■ **Exercise directions**
Every line below from the one with "For Xiaomi 15" through the one with "Deer animal skull" is to be repeated exactly, with no picture among them.

■ **Source data**
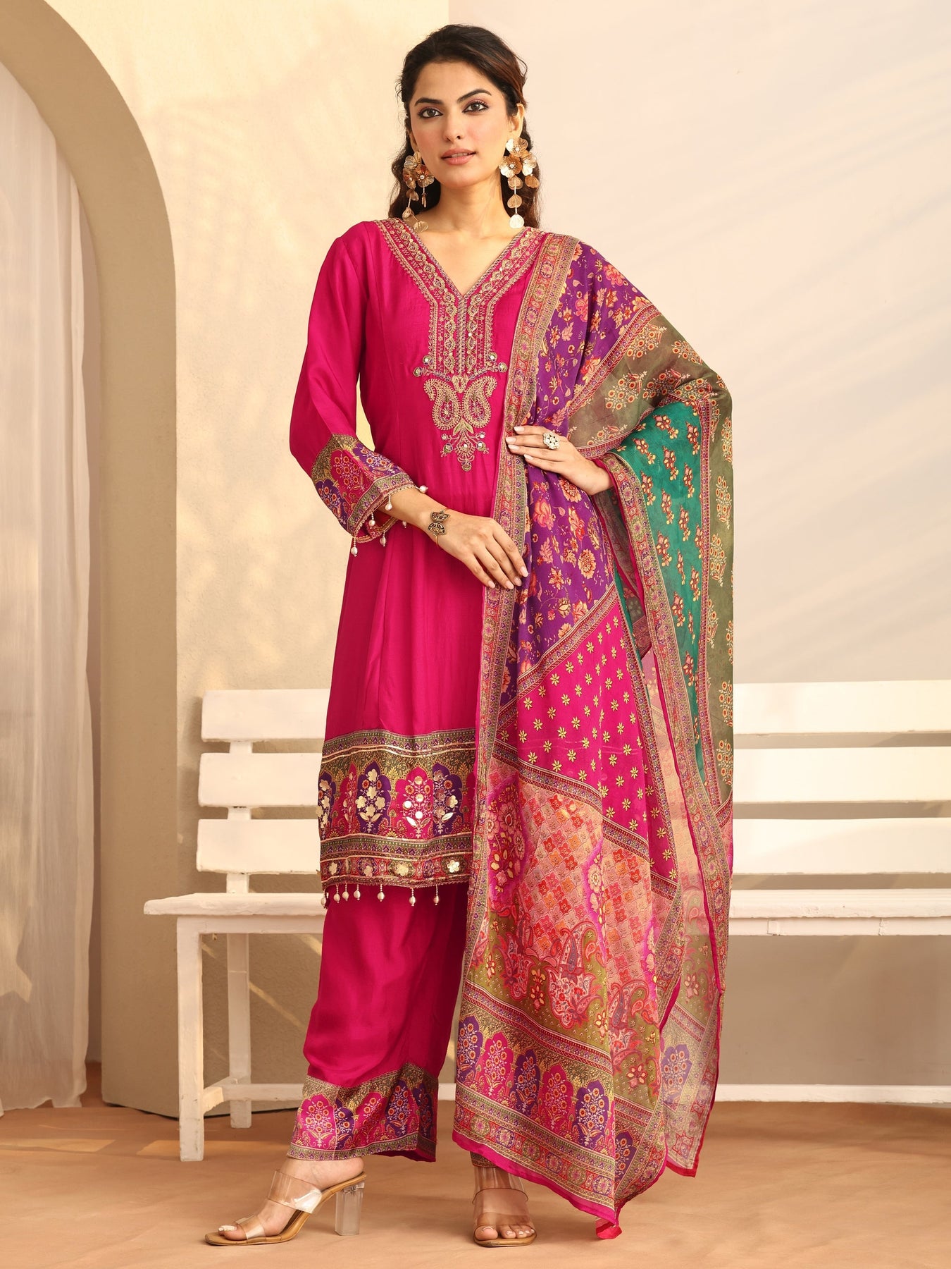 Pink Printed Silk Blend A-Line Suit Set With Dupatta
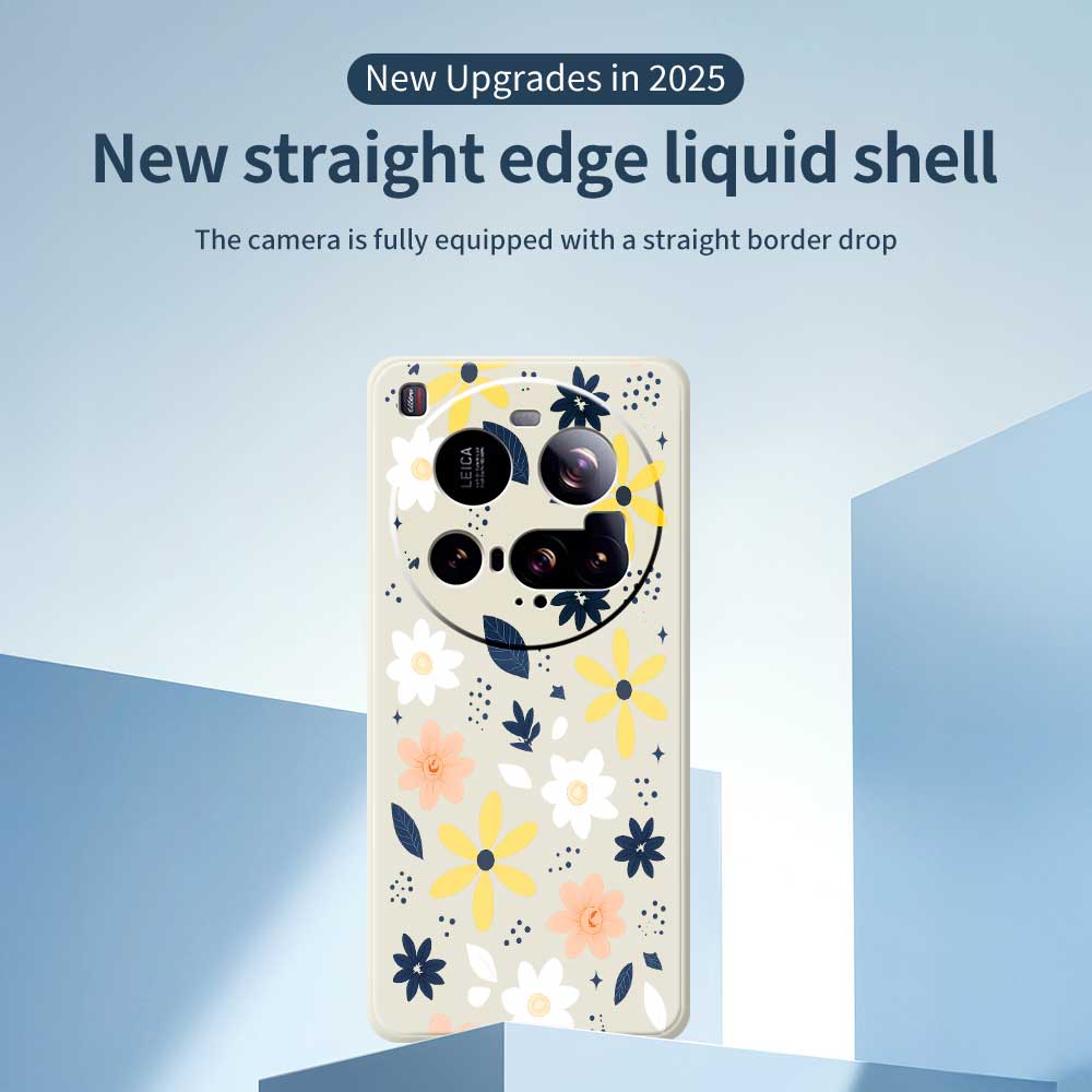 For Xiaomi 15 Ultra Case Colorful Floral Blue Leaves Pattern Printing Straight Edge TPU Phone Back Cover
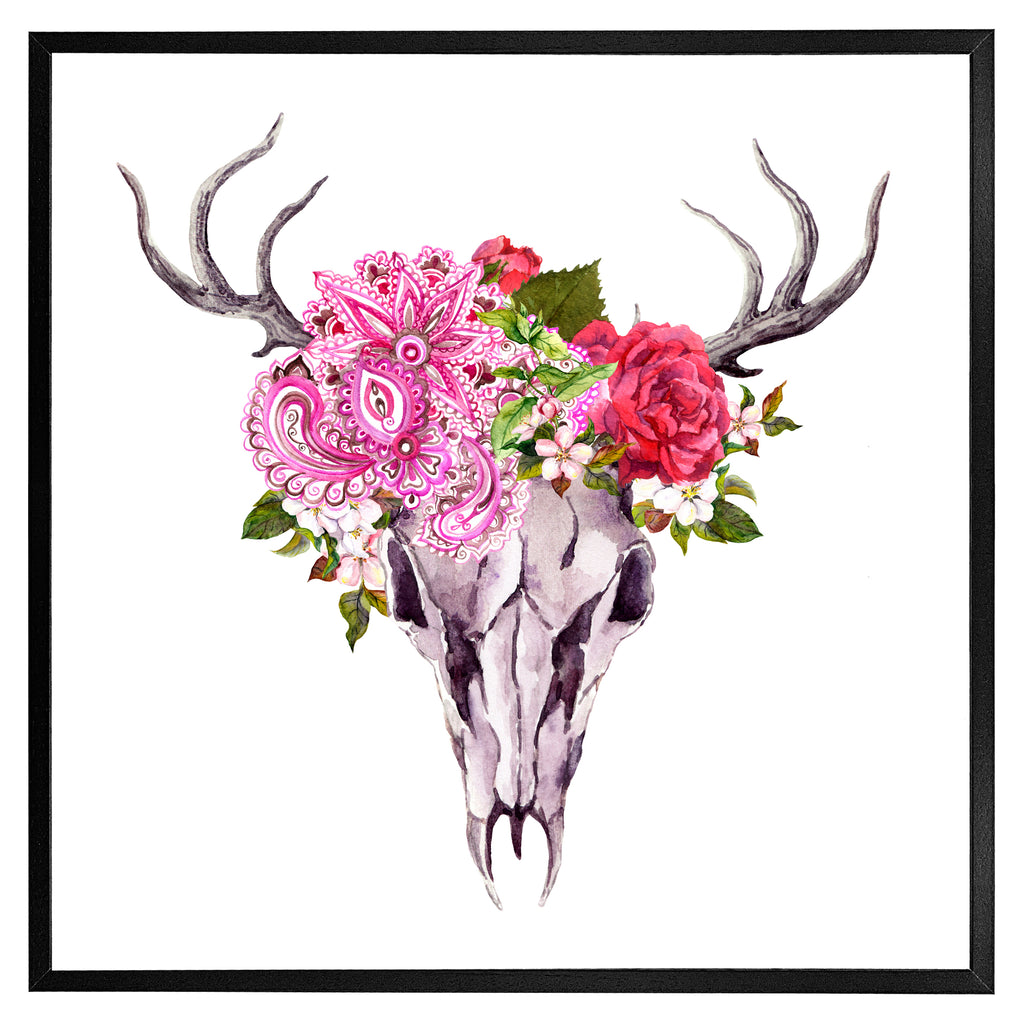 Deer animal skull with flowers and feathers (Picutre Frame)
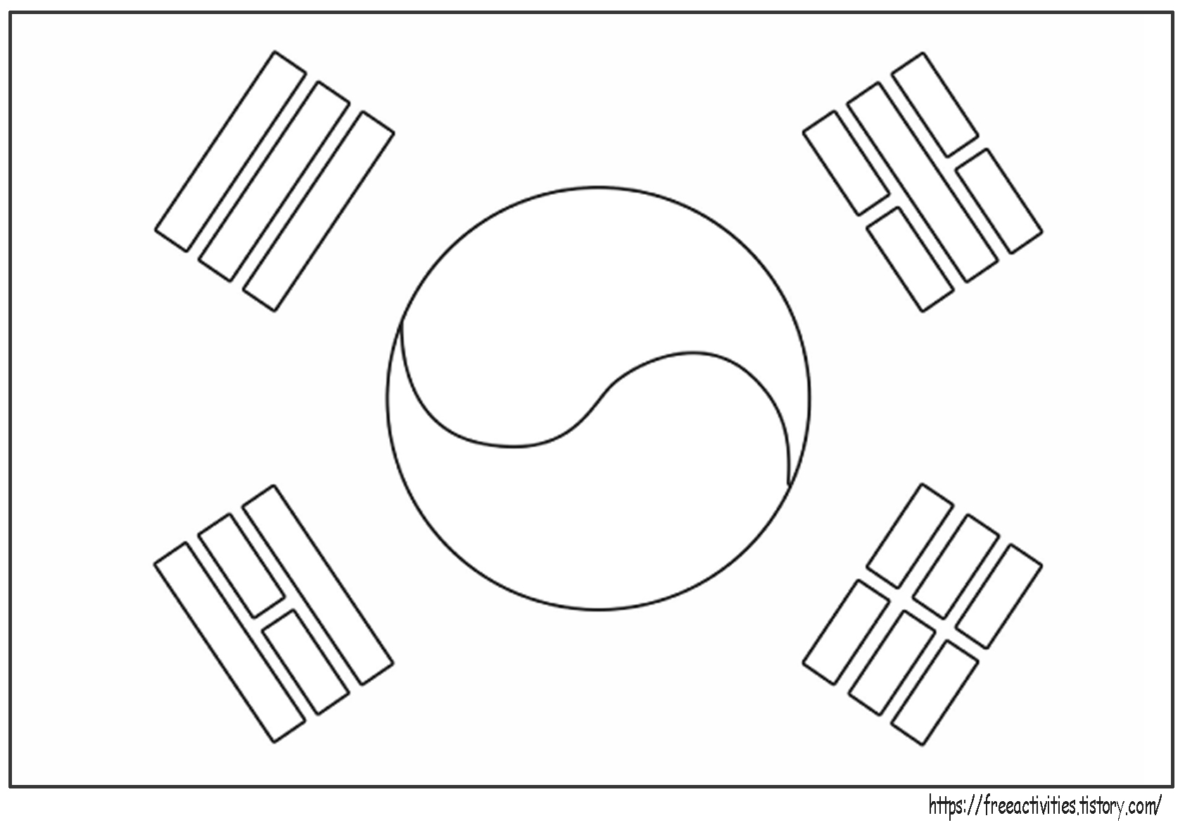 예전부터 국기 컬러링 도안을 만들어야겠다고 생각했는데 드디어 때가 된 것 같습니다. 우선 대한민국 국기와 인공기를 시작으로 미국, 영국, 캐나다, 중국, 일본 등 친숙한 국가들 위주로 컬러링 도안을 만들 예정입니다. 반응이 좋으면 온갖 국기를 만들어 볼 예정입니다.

■ **Answer box**
 For Xiaomi 15 Ultra Case Colorful Floral Blue Leaves Pattern Printing Straight Edge TPU Phone Back Cover
 Deer animal skull with flowers and feathers (Picutre Frame)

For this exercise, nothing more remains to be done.